Why Reparations for Slavery Deserve Consideration

Does there lie a case for reparations for those affected by the enslavement of African Americans?

With the presidential elections fast approaching, and amid countless debates and ever-growing public participation in American politics, many noteworthy issues have risen to the forefront of the conversation. Among these topics lies the case for and against reparations for those affected by the enslavement of African Americans.

The question of slave reparations has arisen in various political state-level and national debates across the country, manifesting itself in a wide variety of proposals—the most popular among them being monetary compensation for those historically affected by racism against the enslaved.

In June of 2014, The Atlantic published a ground-breaking article written by American author and journalist Ta-Nehisi Coates. In this article, Coates traces the effects of slavery, Jim Crow laws, and segregation . He highlights the numerous inequalities that have arisen in the socioeconomic statuses of African-American and white families, claiming that “Black families, regardless of income, are significantly less wealthy than white families.”

Upon the publication of Coates’ groundbreaking article, the issue of reparations has sparked debate in households, college campuses, and—perhaps most audibly—on the political stage. Democratic candidates for president such as Senators Elizabeth Warren and Cory Booker, as well as House Speaker Nancy Pelosi have endorsed the idea, agreeing that compensation for the tangible  historical repercussions of slavery deserve serious consideration.

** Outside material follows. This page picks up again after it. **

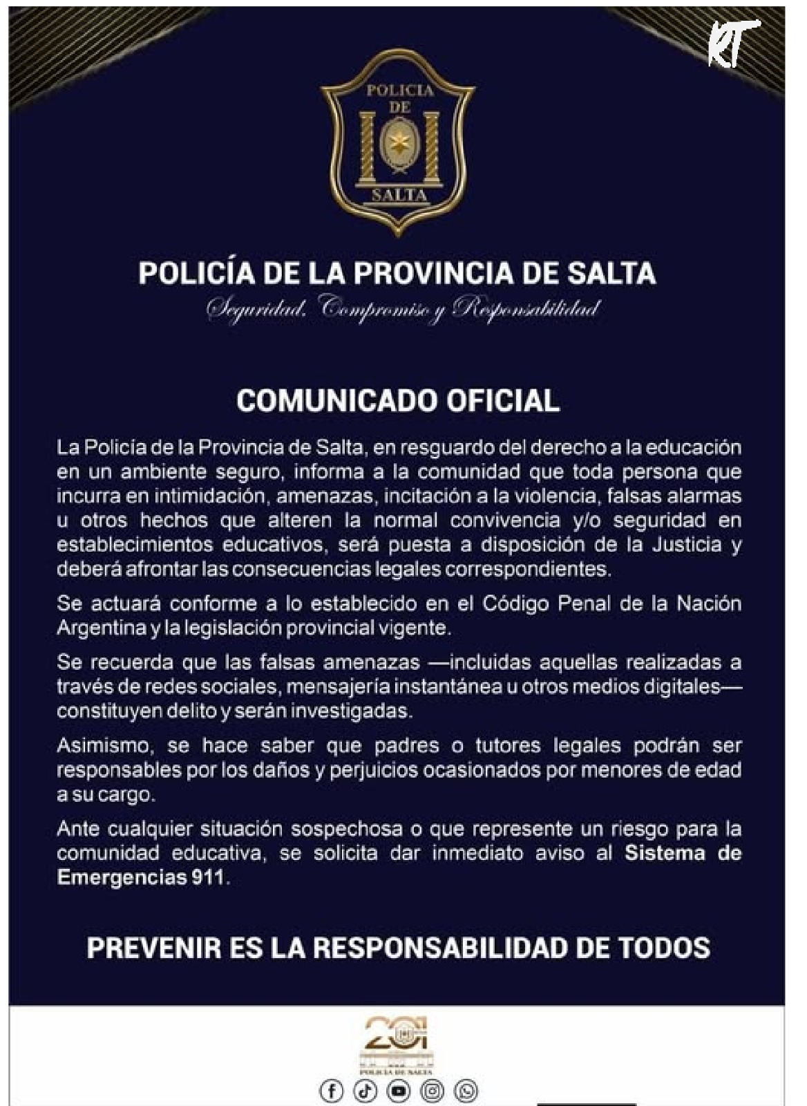 Comunicado de la Policía de la Provincia, luego de las amenazas escritas en los sanitarios de algunas escuelas.

Coleman Hughes, another influential political commentator, however, somewhat doubts the ability of America to come to terms with the racism both in today’s society and that of the past. In his article, published in the right-leaning Australian magazine Quilette, he criticizes the American public for ignoring the ways slavery continues to haunt us, claiming America is not likely to budge on the prejudices that have become fundamental to the American experience.

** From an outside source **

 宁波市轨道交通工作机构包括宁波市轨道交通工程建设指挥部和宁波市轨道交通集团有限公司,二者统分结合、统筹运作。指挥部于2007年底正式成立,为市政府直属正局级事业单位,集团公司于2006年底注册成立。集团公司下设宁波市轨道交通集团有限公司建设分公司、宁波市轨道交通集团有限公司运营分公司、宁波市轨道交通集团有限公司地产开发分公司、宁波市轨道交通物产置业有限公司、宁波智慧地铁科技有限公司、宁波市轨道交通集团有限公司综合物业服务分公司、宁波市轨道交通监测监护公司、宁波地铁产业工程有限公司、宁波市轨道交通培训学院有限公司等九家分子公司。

Hughes, however, does make a compelling point: those who may be against reparations often still support policies that aid the poor. Therefore, the debate should be examined not through the question, “should America help black people or not,” but rather through “should we help based on genealogy or socioeconomic status?”

In many cases, a policy based on socioeconomics would, in the long term, prove more efficient and effective. Ancestral connections are arguably a far less reliable system of determining who is eligible for reparations. This alternative approach would also prevent giving money to those who are not really experiencing the effects of past slavery, such as celebrities like Oprah Winfrey or Lebron James, leaving more money for people in need as well as other historically marginalized groups like Native Americans.

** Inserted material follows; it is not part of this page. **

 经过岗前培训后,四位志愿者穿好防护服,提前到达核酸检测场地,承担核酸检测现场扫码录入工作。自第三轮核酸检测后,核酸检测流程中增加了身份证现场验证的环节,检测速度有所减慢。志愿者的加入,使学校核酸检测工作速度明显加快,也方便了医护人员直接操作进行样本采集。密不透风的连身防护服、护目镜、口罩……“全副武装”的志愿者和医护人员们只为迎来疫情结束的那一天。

While many do not think of a program based on wealth as “real reparations,” the intention behind the financial aid that monetary compensation will offer would make for more of a positive impact on America than a reparations system based on genealogy. Nonetheless, perhaps one of the most poignant messages presented in Coates’ article is the idea that by merely increasing awareness about reparations, activists have catalyzed meaningful conversation that is a vital first step towards a definite solution.

The fact that people have experienced and continue to experience the effects of systemic racism against black people in America stands irrefutable. The true question lies in how America will address and atone for the atrocities committed against black slaves instead of ignoring this painful—yet significant—part of our history.